(Entries taken from a collection)
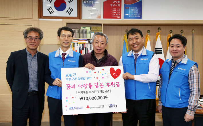 경남 하동군은 한국항공우주산업(KAI) 나눔봉사단(단장 김조원)이 7일 오전 군수 집무실을 찾아 관내 어려운 계층에 전해달라며 사회복지사업비 1000만 원을 기탁했다고 밝혔다.
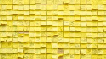 Multiple sheets sticky notes on the wall
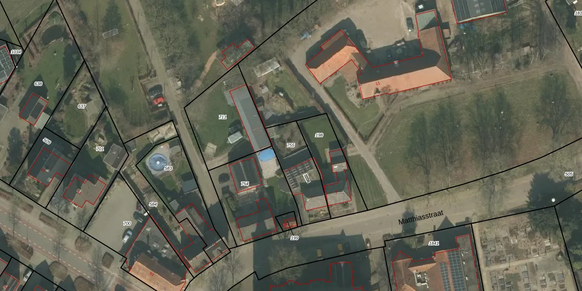Gebruik de zoekbalk of klik op een perceel om informatie over het perceel te bekijken.
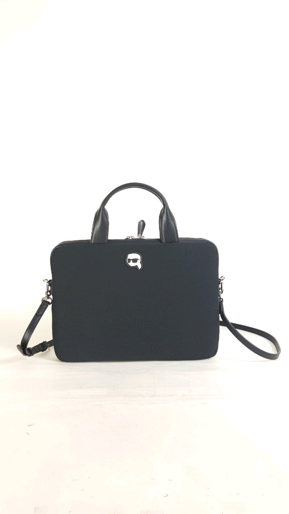 세계적인 명품 브랜드 칼라거펠트의 검정색 나일론 남성 브리프케이스 입니다. 전면의 브랜드 심볼이 샤넬 수석 디자이너인 칼라거펠트 특유의 고급스러움을 잘보여줍니다. 최고급 네오프렌 특수 합성 고무 소재로 아주 가볍고 부드러우며 도톰해서 충격에 강한 아이패드, 노트북 가방으로 사용합니다. 사이즈는 가로37×세로28×폭6 센티 입니다. 매장가 50 만원대의 아주 고가 상품입니다. 올해 신상품으로 더스트백, 게런티카드 등 모든 부속품이 완벽하니까 선물용으로도 좋아요. 이태리에서 직수입한 제품이고요 사용하지 않은 새상품입니다.
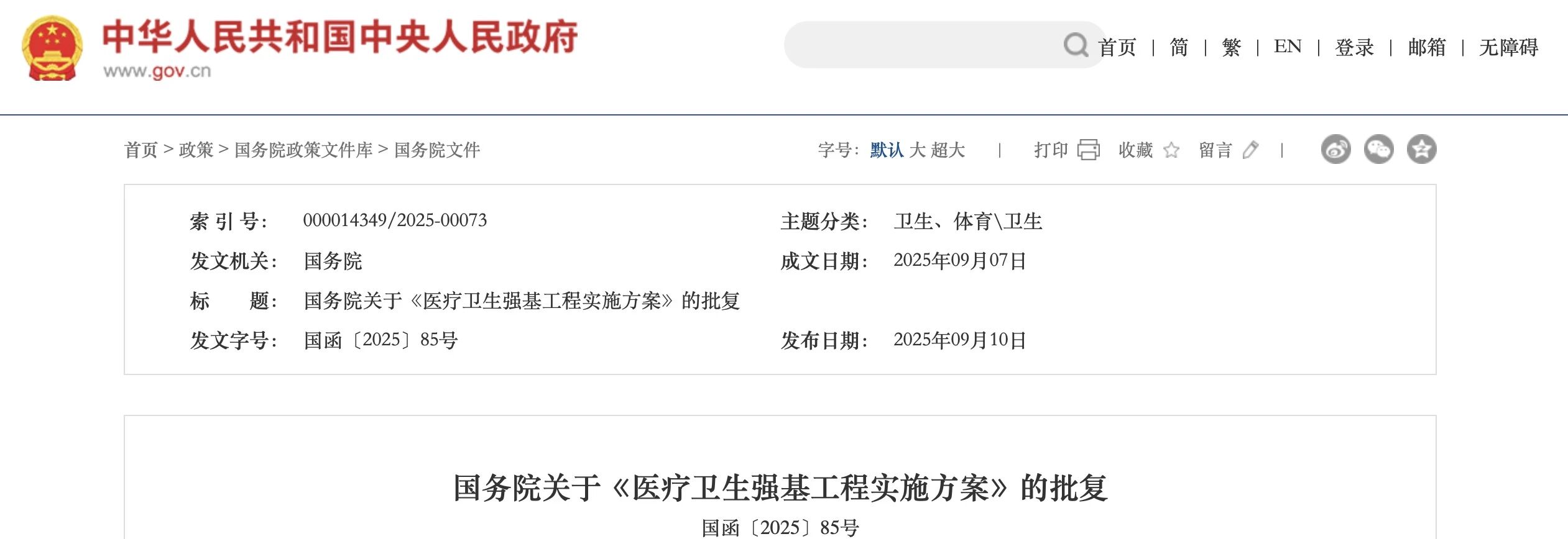 9月10日,據中國政府網消息,國務院批復同意《醫療衛生強基工程實施方案》(簡稱《實施方案》),并附上方案全文。

[WHAT IS EXPECTED]: Each line from the one holding "세계적인 명품 브랜드" to the end of the records above must be copied exactly; the pictures must not be copied.

[WRITTEN ANSWER]:
 세계적인 명품 브랜드 칼라거펠트의 검정색 나일론 남성 브리프케이스 입니다. 전면의 브랜드 심볼이 샤넬 수석 디자이너인 칼라거펠트 특유의 고급스러움을 잘보여줍니다. 최고급 네오프렌 특수 합성 고무 소재로 아주 가볍고 부드러우며 도톰해서 충격에 강한 아이패드, 노트북 가방으로 사용합니다. 사이즈는 가로37×세로28×폭6 센티 입니다. 매장가 50 만원대의 아주 고가 상품입니다. 올해 신상품으로 더스트백, 게런티카드 등 모든 부속품이 완벽하니까 선물용으로도 좋아요. 이태리에서 직수입한 제품이고요 사용하지 않은 새상품입니다.
 9月10日,據中國政府網消息,國務院批復同意《醫療衛生強基工程實施方案》(簡稱《實施方案》),并附上方案全文。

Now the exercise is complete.